Alison Limerick - "Time of our Lives"

Time for another oldie - well - I'm not sure how old it is, but it must be early to mid 90s at least, which in dance music, is forever. Could I get any more commas in a sentence? Stay tuned.

Where was I? Oh yes, an oldie, and one with vocals at that. I typically shy away from vocals in dance music (but sometimes towards them in other types of music). It's something to do with imagination versus explicit statement - sometimes I prefer the ambiguity that allows my imagination to figure things out. Also, so many dance music vocal tracks sound twee or weak or something.

Well here's a track that is very vocal. It's by Alison Limerick, and the original (a horrible weak poppy thing) is here. I think the original is a David Morales effort - the drums have that early 90s New York sound about them - in fact, there's a much more dancefloor version by Morales here, which has a bit of the wild pitch NY feel going on, and is a lot better than the original for it.

But - the killer remix is the "Lifetime Vocal Mix", which according to Discogs is (and I just found this out myself) by The Beloved. Thinking about it now, that's not too difficult to believe, as it's got emotional qualities that aren't so far removed from what The Beloved were up to back in the day (who remembers Sweet Harmony? Damn that was a great track)

Anyway - The Beloved took "Time of our Lives" by Limerick, and completely reconfigured it. Centered on a loping drumbeat, it's hugely understated with the deep thud of the kick, off beat hats, a ricochet double-snare and a couple bongos. The bass is just a rumbling wobble under the kick, but it's interesting in that it seems to be constantly playing the 5th - which as vocals and chords come in means the entire track hangs over a harmonic suspension.

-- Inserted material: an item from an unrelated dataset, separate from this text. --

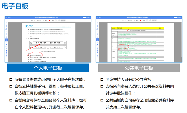 支持電子白板功能,普通參會(huì)者可使用個(gè)人白板,并將內(nèi)容保存至個(gè)人資料庫(kù),會(huì)議主持人可開(kāi)啟公共白板,對(duì)會(huì)議文件進(jìn)行同步編輯,共同手寫(xiě)、批注;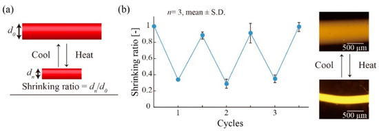 When heating, the polymerized printed ink was placed into heated water (48 °C), which was heated to the specific temperature using a hotplate (ND-1, AS ONE). The temperature of the water was measured using a thermometer (HI98501, Hanna Instruments, Woonsocket, RI, USA). When cooling, the polymerized printed ink was placed into water that had settled at room temperature. The heated or cooled polymerized ink was imaged using a fluorescence microscope and measured using the Cellsens software. Then, we obtained the shrinking ratio (wn/w0, where wn is the diameter of the heated or cooled polymerized ink and w0 is the initial diameter of the polymerized printed ink).

Then there's the vocals. The vocals were always great, but they were neutered by the original pop mix. But here, they float free and easy over the rumbling bassline all the way through the first verse - walking pace soul that would shoot light and smiles straight through a club. And then at the first chorus, it changes from ordinary to extraordinary. From somewhere up above, the simplest 2-note chords fall down on the track, and in a short second it's transformed from a decent vocal track, into the rarest communal moment of catharsis. It's the sort of thing that if you were dancing, it might actually make you stop and stand still.

I heard this on the radio years ago, was blown away then, and it was a good while before I found it on vinyl. I've never got the opportunity to play it out (it's a long way from the sets I normally do, and the clubs I normally play), but I've always refused to throw it out or move it on, despite numerous clearouts of vinyl for space reasons.

Somewhere in the future, there is a dancefloor that will have been built up at the right pace, and held at the right pitch all night, and come 4am, it will be time to unleash this emotional bomb.